O'Donnell doesn't like this, even though most viewers apparently do. Maybe that's why her overriding pitch for Rosie Live -- "Imagine if you took out the judging and put even more talented people on!" -- went unanswered until NBC Entertainment co-chairman Ben Silverman finally bit. O'Donnell thinks it might be because Silverman told her his mother was a big fan of her old syndicated daytime talk show, which O'Donnell self-canceled in May 2002.

"I thought I had 'Career Achievement' completed" with The Rosie O'Donnell Show, she says. Talking to a who's who of big-name stars was "like being at the all-you-can-eat buffet."

But she bit when ABC's Barbara Walters and The View came calling. O'Donnell's subsequent abrupt departure, in May 2007, came after her outspoken political views led to feuds with Trump and conservative co-host Elisabeth Hasselbeck among others.

"After I left the show, I couldn't watch it," O'Donnell says. "It would almost be like post-traumatic stress disorder." In her view, "When your own team doesn't support you, it's time to take off the uniform."

She compares Walters to the mom who wants everyone to co-exist happily on Thanksgiving and other big family holidays: "No matter what, Barbara wants everyone to think and act as though they get along. But that's not the reality . . . For me what happened on the show was a personal argument with a friend (Walters) that was publicly displayed. I didn't want to be paid to fight."

Walters' recent bestselling autobiography says little about the backstage realities of The View. So O'Donnell fills in more blanks. "I wasn't happy that I did not have control of the show," she says, referring to the autonomy she had as executive producer and star of The Rosie O'Donnell Show. "It was a very difficult transition for me to make. When you're the shortstop on the team, you don't get to be the coach. I did enjoy the program right up until the day it all went crazy."

O'Donnell, 46, married the former Kelli Carpenter, who has taken her surname, on Feb. 26, 2004 during a San Francisco ceremony that later was ruled invalid by the California Supreme Court. She's mostly been publicly mum on recent events in California, where voters supported Proposition 8's overturning of a more recent state Supreme Court ruling that recognized same-sex marriages.

"I don't think there's anybody in the country who doesn't know I'm for gay marriage," O'Donnell says. "I was surprised when people said I'm not vocal enough. I got married before anyone else did."

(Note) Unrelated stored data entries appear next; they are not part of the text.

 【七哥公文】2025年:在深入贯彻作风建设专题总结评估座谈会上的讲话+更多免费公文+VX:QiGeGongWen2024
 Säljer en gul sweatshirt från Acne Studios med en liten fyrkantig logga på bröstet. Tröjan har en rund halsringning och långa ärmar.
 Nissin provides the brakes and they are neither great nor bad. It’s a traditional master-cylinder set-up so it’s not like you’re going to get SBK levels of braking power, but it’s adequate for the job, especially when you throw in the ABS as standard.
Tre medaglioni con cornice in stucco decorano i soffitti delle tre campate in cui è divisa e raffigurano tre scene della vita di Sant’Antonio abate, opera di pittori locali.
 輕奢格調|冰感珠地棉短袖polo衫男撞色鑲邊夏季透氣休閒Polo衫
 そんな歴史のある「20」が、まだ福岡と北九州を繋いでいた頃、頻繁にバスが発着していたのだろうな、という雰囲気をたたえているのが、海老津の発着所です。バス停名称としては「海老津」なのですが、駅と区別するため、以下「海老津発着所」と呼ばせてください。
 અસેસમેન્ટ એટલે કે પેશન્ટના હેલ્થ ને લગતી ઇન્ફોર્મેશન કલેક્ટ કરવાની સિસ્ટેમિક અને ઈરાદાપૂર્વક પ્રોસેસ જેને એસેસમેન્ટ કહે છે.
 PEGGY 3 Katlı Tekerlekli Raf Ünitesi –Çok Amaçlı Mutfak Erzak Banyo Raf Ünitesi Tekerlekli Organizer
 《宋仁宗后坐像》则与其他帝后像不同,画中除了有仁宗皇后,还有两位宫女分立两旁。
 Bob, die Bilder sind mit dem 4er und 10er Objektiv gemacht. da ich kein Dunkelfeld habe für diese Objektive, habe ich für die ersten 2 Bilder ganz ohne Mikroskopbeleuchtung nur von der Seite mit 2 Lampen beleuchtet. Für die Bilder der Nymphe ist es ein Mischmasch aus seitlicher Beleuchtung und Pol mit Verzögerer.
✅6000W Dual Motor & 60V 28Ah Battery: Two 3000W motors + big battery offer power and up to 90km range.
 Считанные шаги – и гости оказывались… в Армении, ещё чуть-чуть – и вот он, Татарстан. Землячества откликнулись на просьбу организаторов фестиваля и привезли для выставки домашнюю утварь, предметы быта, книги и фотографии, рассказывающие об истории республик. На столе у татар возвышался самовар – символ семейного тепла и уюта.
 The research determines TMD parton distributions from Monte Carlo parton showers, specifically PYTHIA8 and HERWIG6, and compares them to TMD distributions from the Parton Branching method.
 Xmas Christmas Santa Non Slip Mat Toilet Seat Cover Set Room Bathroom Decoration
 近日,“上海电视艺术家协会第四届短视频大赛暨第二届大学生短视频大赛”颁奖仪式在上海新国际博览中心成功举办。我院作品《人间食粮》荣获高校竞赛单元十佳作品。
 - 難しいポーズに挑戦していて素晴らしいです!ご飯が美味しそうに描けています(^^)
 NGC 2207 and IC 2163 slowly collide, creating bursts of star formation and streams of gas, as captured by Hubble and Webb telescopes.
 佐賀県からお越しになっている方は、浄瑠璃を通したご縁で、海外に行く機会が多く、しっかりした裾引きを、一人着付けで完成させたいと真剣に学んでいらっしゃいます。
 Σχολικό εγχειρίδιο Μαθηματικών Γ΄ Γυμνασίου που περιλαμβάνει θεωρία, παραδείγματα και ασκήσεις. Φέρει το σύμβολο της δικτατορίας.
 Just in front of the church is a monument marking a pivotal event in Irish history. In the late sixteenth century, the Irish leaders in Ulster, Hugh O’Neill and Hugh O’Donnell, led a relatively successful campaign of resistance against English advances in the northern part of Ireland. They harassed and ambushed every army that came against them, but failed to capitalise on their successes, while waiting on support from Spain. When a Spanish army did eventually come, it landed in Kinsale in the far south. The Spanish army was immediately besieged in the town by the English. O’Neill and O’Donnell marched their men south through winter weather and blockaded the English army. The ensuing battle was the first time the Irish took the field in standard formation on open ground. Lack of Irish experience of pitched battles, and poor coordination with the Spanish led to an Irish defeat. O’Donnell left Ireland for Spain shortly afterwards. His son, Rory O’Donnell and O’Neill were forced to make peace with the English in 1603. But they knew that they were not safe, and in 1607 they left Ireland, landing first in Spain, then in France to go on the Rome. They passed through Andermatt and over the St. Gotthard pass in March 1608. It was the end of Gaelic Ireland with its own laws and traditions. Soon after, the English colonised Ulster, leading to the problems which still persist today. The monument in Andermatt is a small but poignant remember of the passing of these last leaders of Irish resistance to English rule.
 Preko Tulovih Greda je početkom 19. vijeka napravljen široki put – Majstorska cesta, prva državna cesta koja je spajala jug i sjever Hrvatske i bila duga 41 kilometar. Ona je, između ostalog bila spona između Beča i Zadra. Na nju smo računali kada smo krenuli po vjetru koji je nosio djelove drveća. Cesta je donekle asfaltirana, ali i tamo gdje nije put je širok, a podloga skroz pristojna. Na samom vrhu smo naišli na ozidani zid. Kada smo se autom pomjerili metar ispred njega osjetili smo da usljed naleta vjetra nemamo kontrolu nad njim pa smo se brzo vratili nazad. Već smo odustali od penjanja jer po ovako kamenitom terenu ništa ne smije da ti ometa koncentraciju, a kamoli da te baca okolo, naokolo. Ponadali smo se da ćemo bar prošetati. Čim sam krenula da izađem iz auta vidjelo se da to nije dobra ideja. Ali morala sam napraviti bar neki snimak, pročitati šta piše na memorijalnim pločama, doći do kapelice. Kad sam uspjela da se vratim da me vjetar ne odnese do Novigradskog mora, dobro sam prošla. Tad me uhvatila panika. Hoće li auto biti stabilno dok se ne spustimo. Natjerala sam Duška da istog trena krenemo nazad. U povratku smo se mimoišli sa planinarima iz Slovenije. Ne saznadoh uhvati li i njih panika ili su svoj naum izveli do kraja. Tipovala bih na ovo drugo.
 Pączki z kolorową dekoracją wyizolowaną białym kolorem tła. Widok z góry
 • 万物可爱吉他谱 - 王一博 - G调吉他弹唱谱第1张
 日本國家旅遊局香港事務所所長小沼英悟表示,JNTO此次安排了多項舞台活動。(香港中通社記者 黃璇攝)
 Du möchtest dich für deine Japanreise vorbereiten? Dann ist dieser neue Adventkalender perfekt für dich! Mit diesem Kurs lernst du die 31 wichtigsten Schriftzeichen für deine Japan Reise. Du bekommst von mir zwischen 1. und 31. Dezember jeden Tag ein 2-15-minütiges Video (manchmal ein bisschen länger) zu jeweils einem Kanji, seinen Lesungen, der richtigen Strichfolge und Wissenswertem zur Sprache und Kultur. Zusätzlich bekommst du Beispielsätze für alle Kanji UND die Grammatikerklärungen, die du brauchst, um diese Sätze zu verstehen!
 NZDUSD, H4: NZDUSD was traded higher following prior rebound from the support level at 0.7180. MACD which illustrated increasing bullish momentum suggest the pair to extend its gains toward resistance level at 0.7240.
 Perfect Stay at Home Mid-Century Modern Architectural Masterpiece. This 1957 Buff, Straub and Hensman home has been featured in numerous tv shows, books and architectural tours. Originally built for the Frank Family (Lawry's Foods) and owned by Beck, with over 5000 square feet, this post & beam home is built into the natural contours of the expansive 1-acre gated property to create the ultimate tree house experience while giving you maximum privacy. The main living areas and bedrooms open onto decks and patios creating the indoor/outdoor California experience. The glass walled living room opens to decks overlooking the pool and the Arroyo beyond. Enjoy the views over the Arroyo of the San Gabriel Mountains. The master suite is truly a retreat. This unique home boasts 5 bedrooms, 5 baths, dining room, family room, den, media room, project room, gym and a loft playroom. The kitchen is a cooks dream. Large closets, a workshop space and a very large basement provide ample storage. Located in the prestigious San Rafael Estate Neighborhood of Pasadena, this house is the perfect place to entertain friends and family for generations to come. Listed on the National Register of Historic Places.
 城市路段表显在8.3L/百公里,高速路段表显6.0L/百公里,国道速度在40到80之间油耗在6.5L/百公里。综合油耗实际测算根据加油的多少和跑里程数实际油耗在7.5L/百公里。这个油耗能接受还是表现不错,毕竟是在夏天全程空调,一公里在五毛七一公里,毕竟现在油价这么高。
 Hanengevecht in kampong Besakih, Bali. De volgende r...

Rosie and Kelli, who has a degree from Dallas-based Southern Methodist University, are now parenting four children. The youngest, Vivienne, was birthed by Kelli on Nov. 29, 2002.

O'Donnell says she's "not so hung up" on using the word "marriage" to define gay partnerships. For her it's far less important than the rights of children under such unions.

On election day, "I was so overwhelmed and afraid that my dream for the nation would fall short of reality," she says of Barack Obama's election. "It's almost as if the last eight years have been some sort of bad dream."

"George Bush as the president has lowered the bar as to what's intellectually acceptable, especially on TV," O'Donnell adds. "Also we have to hold the media responsible. For the last years they've kind of dropped the ball."

Obviously she hasn't stifled herself. But with Rosie Live, she supposedly will. No politics, O'Donnell pledges. Just old-school song, dance and comedy, starting with an opening duet she'll do with Minnelli.

"I think America's ready," O'Donnell says. Take that any way you'd like.